In a previous blog (“About the Inheritors”), I talked about how the themes of my life emerge as I write, and more specifically, in The Inheritors, the very American experience of moving between cultures and classes. As I wrote about Carla, Alicia’s mother, I suddenly had a vision of my own mother standing at the kitchen sink one blistering hot Chicago day, sweat pouring down her face, her hands an angry red as she scrubbed a pot.

My mother hated her hands. Too big, she said. And knobby. To often reddened and nicked. A farmer’s hands that marked Mothers handsher as from another place. All wrong for academic teas and women’s clubs, where she’d look around at those soft white dainty hands that lay quietly in well-clad laps, tasteful rings sparkling.

It wasn’t that she had no friends. The half dozen women who gathered at our house to sew and talk all loved her. Their friendship held steady for years. Each first-born grandchild has a quilt, blocked, embroidered, and initialed by the members. Still, I never remember a time she didn’t look around at the delicate fingers, stitching away as they talked, and speak angrily about her own.

Mind you, she was a fine seamstress. She sewed everything we wore, from pajamas to winter coats to wedding dresses. They handled everything from canvas to silk. Dexterity was not the issue. It was place. She wasn’t one of them, and she was deaf to their admiration. Though she lived more than a half century among them, she remained a South Dakota preacher’s daughter set down among the academic elite. Her hands told the story.

I remember them beating egg-whites or cake batter, helping puppies to be born. I see them growing red and sore as she plucked pinfeathers and cleaned the insides of the Thanksgiving turkey. I see them glowing in the steam at the boiler, bleaching my father’s white shirts, wringing out dishrags and mops, scrubbing Chicago soot from walls and floors and windows. I have no memory of them at rest. And, of course, I remember them at the sewing machine where their size did look awkward as she threaded needles or handled lace.

Over and over, as my sister and I grew, my mother expressed her relief that our hands were not like hers. Our hands, plus our slender ankles, marked us as relieved of a grievous burden. We belonged. That, or course, didn’t save us from scrubbing walls, stitching hems, ironing shirts or beating eggs. Though we were occasionally taken to university events as academic offspring, the gothic towers a block away were, for us, simply a place to skate or ride bikes with no regard (yet) for the expectations they immortalized.

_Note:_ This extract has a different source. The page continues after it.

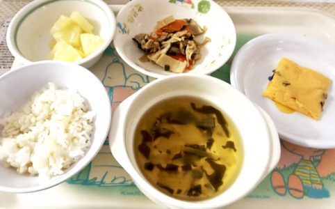 ■10時のおやつ パイン缶 ■おひるごはん 麦ごはん 清汁 豚肉のきのこ炒め 小松菜としらすのごま和え ■3時のおやつ 米粉のにんじんお焼き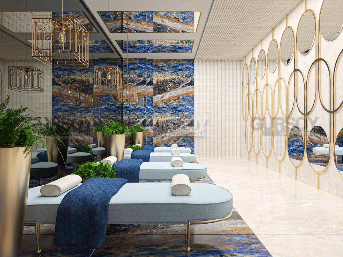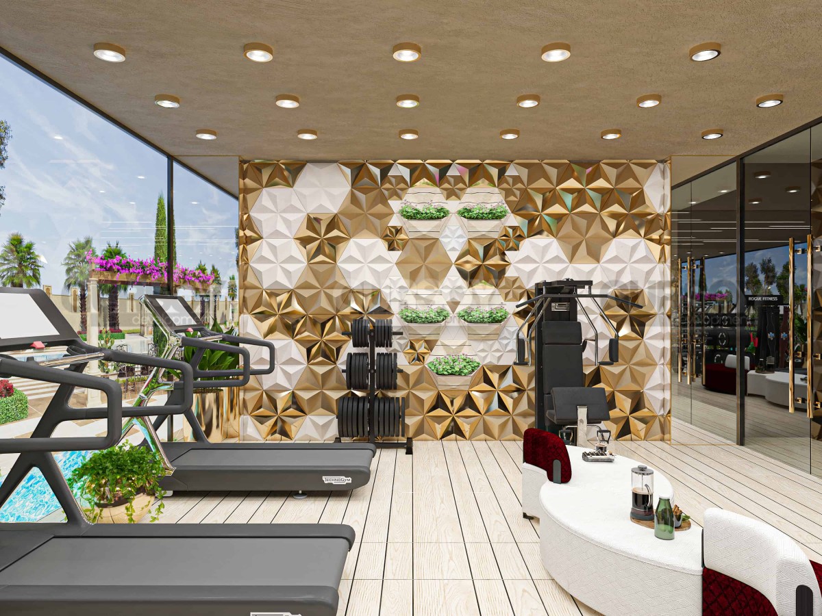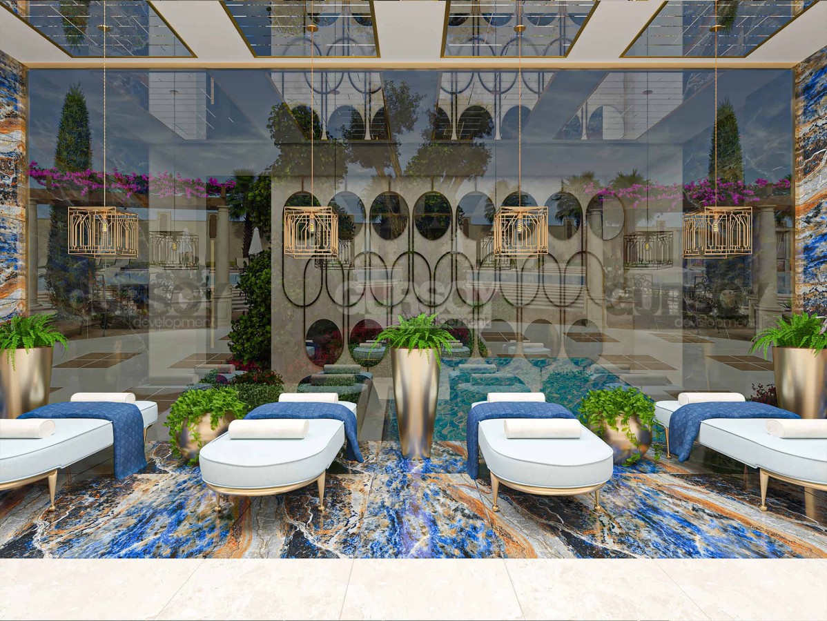 Внутренняя инфраструктура комплекса включает в себя закрытый бассейн с подогревом, сауну, паровую, соляную комнату, зону отдыха, джакузи с подогревом, тренажерный зал, детскую игровую комнату и конечно же лобби.

The other day a good friend pointed to my mother’s hands in a family wedding picture. They hung at her sides, fingers slightly curled, as though just finished with some task or uncomfortable with such inactivity. “You hold your hands just like that,” she remarked.

I smiled.

I grew up in another age—of automatic washing machines, dishwashers, and an auto in every drive. Chicago no longer heats the coal that coated every surface. My life has had little of the physical hardship that marked my mother’s. But her struggle to live between conflicting cultures has become a recurring theme in my stories. In The Inheritors, the mixed-race Alicia must fight the Sixties call for cultural solidarity, a call that demands she reject one culture or the other. In Nowhere Else To Go (www.judithkirscht.com/books.html), the neighborhood that has blended cultures is torn apart as the culture wars polarize the town.

Most of all, she gave me a deep sense of the strength, dignity, and integrity that came out of that struggle and out of her determination to preserve the strengths of her own background. She has shaped the heroine of many of my tales.